(Material for this task begins)
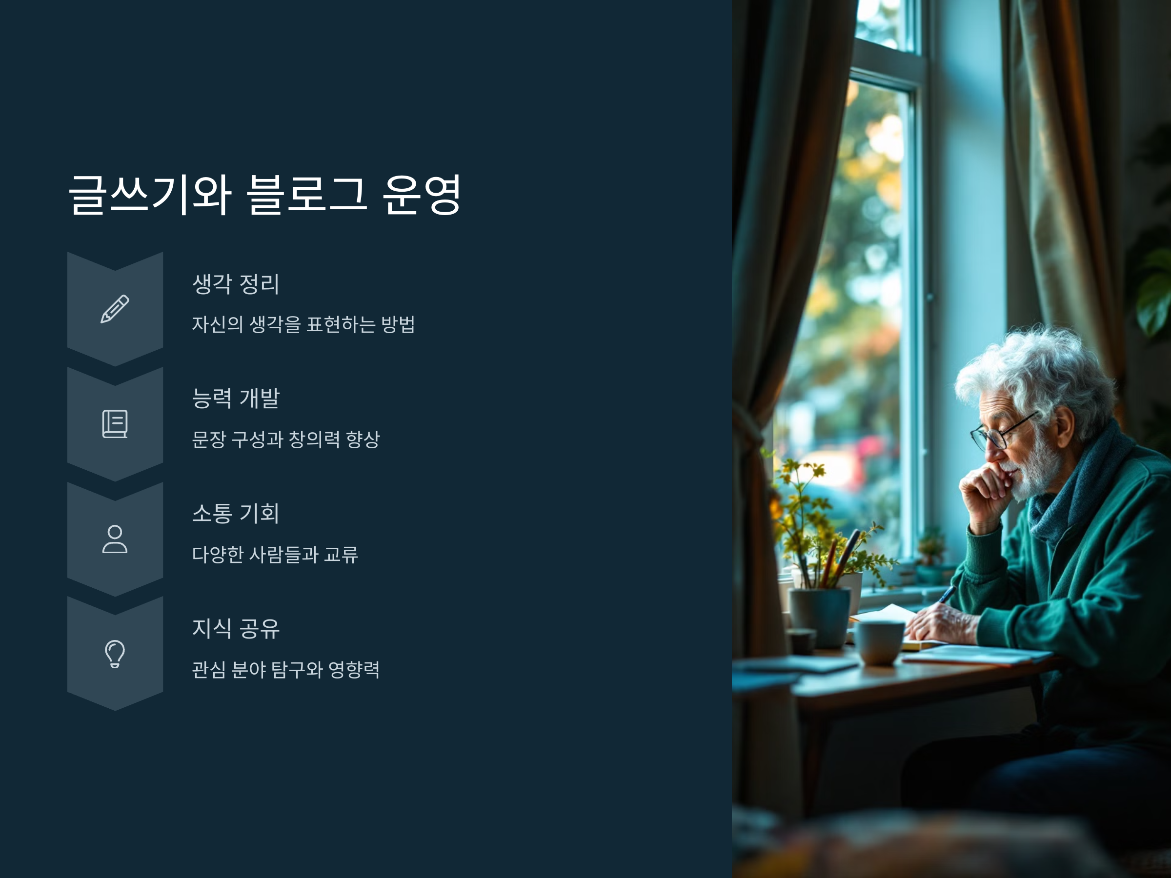 글쓰기는 자신의 생각을 정리하고 표현하는 좋은 방법입니다. 퇴직 후에는 여유로운 시간을 활용해 자신만의 블로그를 운영하거나, 일기를 쓰는 취미를 시작할 수 있습니다. 글쓰기는 문장 구성 능력과 창의력, 표현력을 키울 수 있는 취미로, 다양한 사람들과 소통할 수 있는 기회도 제공합니다. 블로그는 또한 자신이 관심 있는 분야에 대해 깊이 탐구하고, 그 내용을 다른 사람들과 공유하는 플랫폼이 될 수 있습니다. 퇴직 후 글쓰기를 통해 자신을 더욱 잘 표현하고, 다른 사람들에게 영향을 미칠 수 있습니다.
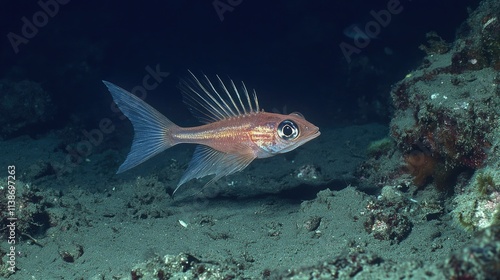 © Boonnam Burart, Fototapeta premium Vibrant Orange Fish Swimming Gracefully in Clear Underwater Scene
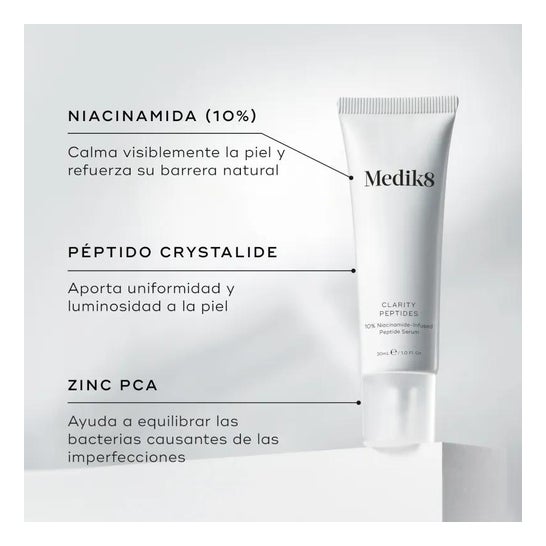 Sérum multiefecto avec des propriétés éclaircissantes et apaisantes. Formulé à base de niacinamide, zinc, acide hyaluronique et peptides de cristal. Aide à neutraliser l'hyperpigmentation du visage et les éruptions acnéiques, favorisant un visage hydraté et d'un ton uniforme. Ses composants ont des propriétés antioxydantes qui retardent l'apparition des signes de vieillissement. Sans alcool, parabènes ni parfum. Produit non testé sur les animaux. Recommandé pour les peaux sensibles ou rougies.
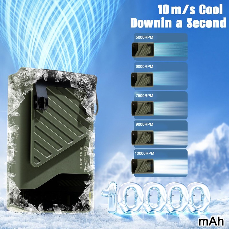 - Adjustable & Versatile Use –Choose from 5 speeds (16.5ft/s to 33ft/s) with a 10,000 RPM turbine—50% more efficient than standard fans. The LED screen displays real-time battery level (0-100%) and speed. Ideal as a portable fan for cruise trips or a quiet fan for sleeping.
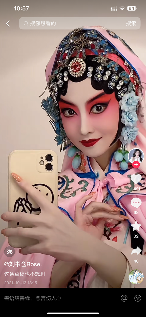 刘书含PK过的戏曲主播,也来自各个剧种和行当,有昆曲、越剧、川剧、豫剧、黄梅戏等。“他们的精彩表演给我带来了很多启发,一些主播在直播间为了更好的呈现效果,甚至是画好了戏妆、扮好了头面,服化道非常精良用心,在有限的镜头中最大程度去为观众表演,让观众通过镜头也能感受戏曲的博大精深。”和王宁一样,刘书含也在直播PK中学习到了不同剧种的演唱方式、表演形式,收获到宝贵的经验和成长。“对于戏曲传承,我们应该积极探索新的传播方式,利用短视频直播平台,扩大我们的戏曲传播范围,吸引更多年轻观众的关注。”
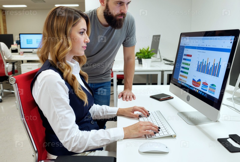 Молодая женщина анализирует бизнес-данные, в то время как молодой человек наблюдает
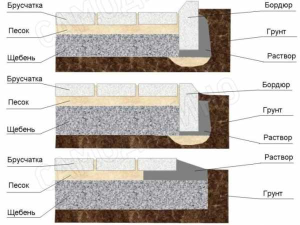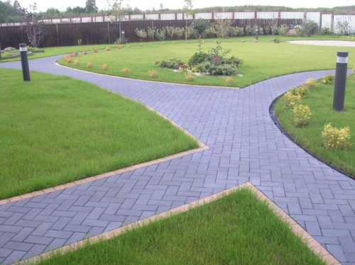 При отсутствии бордюра дорожка из брусчатки развалится. Бордюрный камень может быть установлен как выше полотна дорожки, так и вровень с ним. При размещении на покрытии лотков для отвода воды их удобно обустроить рядом с ограждением дорожки.
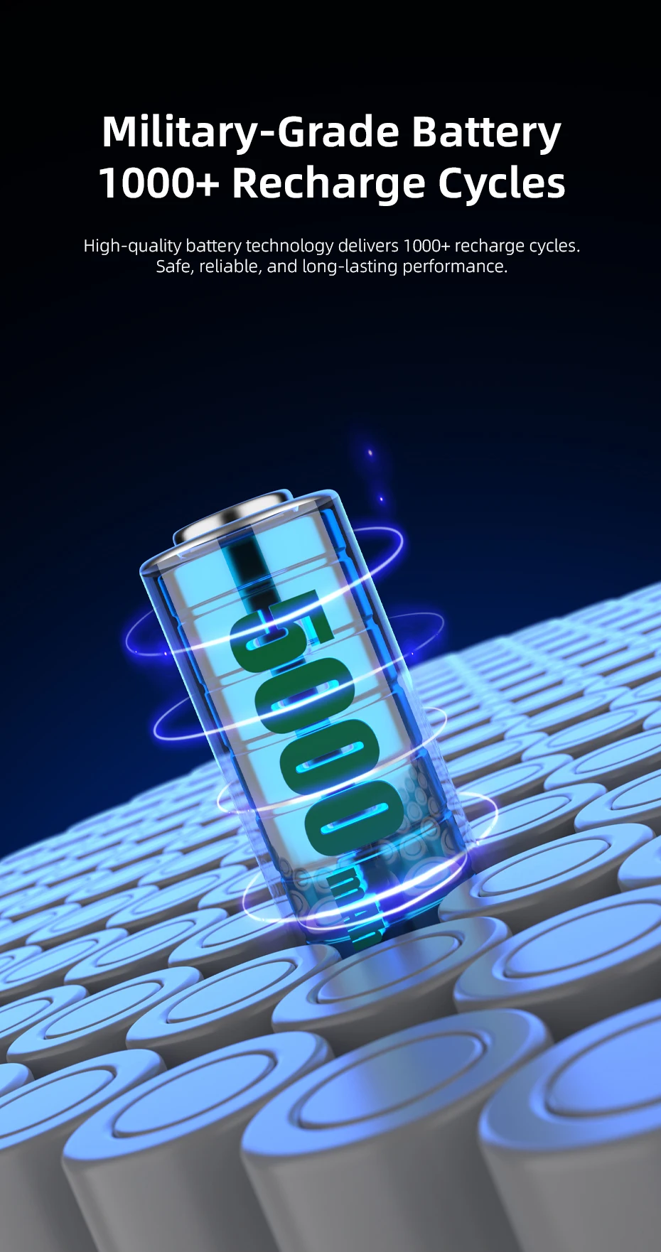 Military-Grade Battery 1000+ Recharge Cycles
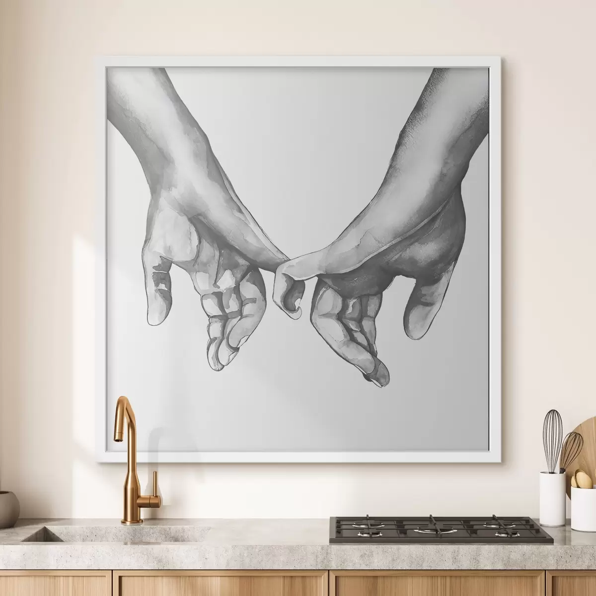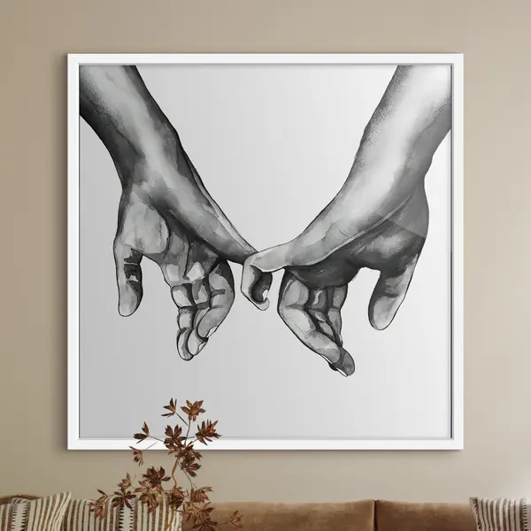 Poster Zwart en wit die handen op een witte achtergrond houden Nr f36848
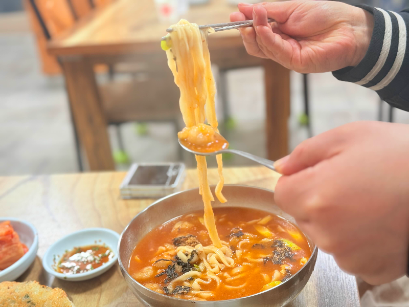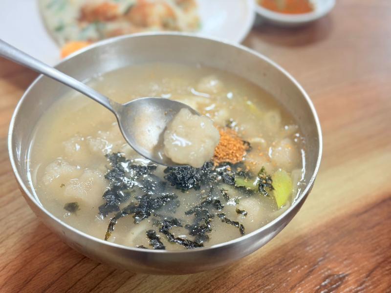 이곳은 옹심이와 칼국수가 함께 들어 있는 스타일인데요. 그래서 더 맛있었던 것 같아요. 면발도 쫄깃하고, 옹심이도 씹히는 맛이 좋았어요. 원래 아침밥은 안 먹지만 술술 잘 들어 갔네요.
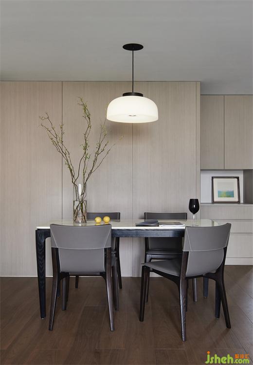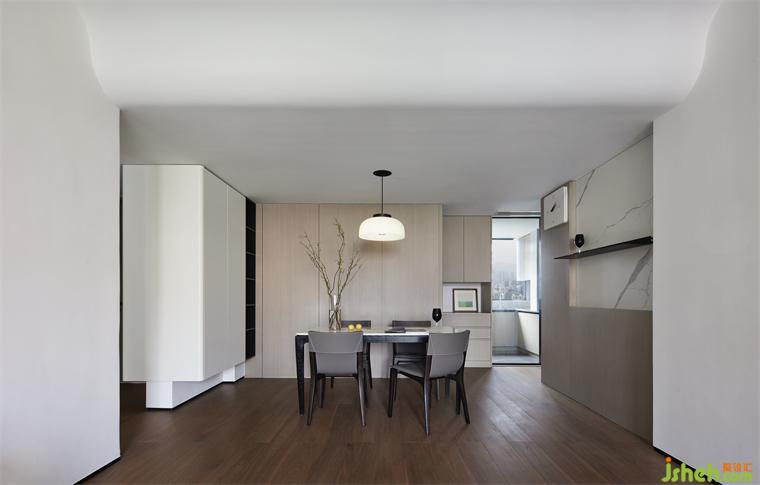 餐廳做了大面積隱形收納柜體,時刻保持整潔有序。餐桌椅用了多年,木頭留下了溫潤的使用痕跡,也適合現(xiàn)在餐廳的風(fēng)格。
(Material for this task ends)
▸ **Exercise**: Give back each line above exactly, with pictures dropped.

▸ **Exercise response**:
 글쓰기는 자신의 생각을 정리하고 표현하는 좋은 방법입니다. 퇴직 후에는 여유로운 시간을 활용해 자신만의 블로그를 운영하거나, 일기를 쓰는 취미를 시작할 수 있습니다. 글쓰기는 문장 구성 능력과 창의력, 표현력을 키울 수 있는 취미로, 다양한 사람들과 소통할 수 있는 기회도 제공합니다. 블로그는 또한 자신이 관심 있는 분야에 대해 깊이 탐구하고, 그 내용을 다른 사람들과 공유하는 플랫폼이 될 수 있습니다. 퇴직 후 글쓰기를 통해 자신을 더욱 잘 표현하고, 다른 사람들에게 영향을 미칠 수 있습니다.
 © Boonnam Burart, Fototapeta premium Vibrant Orange Fish Swimming Gracefully in Clear Underwater Scene
 Sérum multiefecto avec des propriétés éclaircissantes et apaisantes. Formulé à base de niacinamide, zinc, acide hyaluronique et peptides de cristal. Aide à neutraliser l'hyperpigmentation du visage et les éruptions acnéiques, favorisant un visage hydraté et d'un ton uniforme. Ses composants ont des propriétés antioxydantes qui retardent l'apparition des signes de vieillissement. Sans alcool, parabènes ni parfum. Produit non testé sur les animaux. Recommandé pour les peaux sensibles ou rougies.
 - Adjustable & Versatile Use –Choose from 5 speeds (16.5ft/s to 33ft/s) with a 10,000 RPM turbine—50% more efficient than standard fans. The LED screen displays real-time battery level (0-100%) and speed. Ideal as a portable fan for cruise trips or a quiet fan for sleeping.
 刘书含PK过的戏曲主播,也来自各个剧种和行当,有昆曲、越剧、川剧、豫剧、黄梅戏等。“他们的精彩表演给我带来了很多启发,一些主播在直播间为了更好的呈现效果,甚至是画好了戏妆、扮好了头面,服化道非常精良用心,在有限的镜头中最大程度去为观众表演,让观众通过镜头也能感受戏曲的博大精深。”和王宁一样,刘书含也在直播PK中学习到了不同剧种的演唱方式、表演形式,收获到宝贵的经验和成长。“对于戏曲传承,我们应该积极探索新的传播方式,利用短视频直播平台,扩大我们的戏曲传播范围,吸引更多年轻观众的关注。”
 Молодая женщина анализирует бизнес-данные, в то время как молодой человек наблюдает
 При отсутствии бордюра дорожка из брусчатки развалится. Бордюрный камень может быть установлен как выше полотна дорожки, так и вровень с ним. При размещении на покрытии лотков для отвода воды их удобно обустроить рядом с ограждением дорожки.
 Military-Grade Battery 1000+ Recharge Cycles
 Poster Zwart en wit die handen op een witte achtergrond houden Nr f36848
 이곳은 옹심이와 칼국수가 함께 들어 있는 스타일인데요. 그래서 더 맛있었던 것 같아요. 면발도 쫄깃하고, 옹심이도 씹히는 맛이 좋았어요. 원래 아침밥은 안 먹지만 술술 잘 들어 갔네요.
 餐廳做了大面積隱形收納柜體,時刻保持整潔有序。餐桌椅用了多年,木頭留下了溫潤的使用痕跡,也適合現(xiàn)在餐廳的風(fēng)格。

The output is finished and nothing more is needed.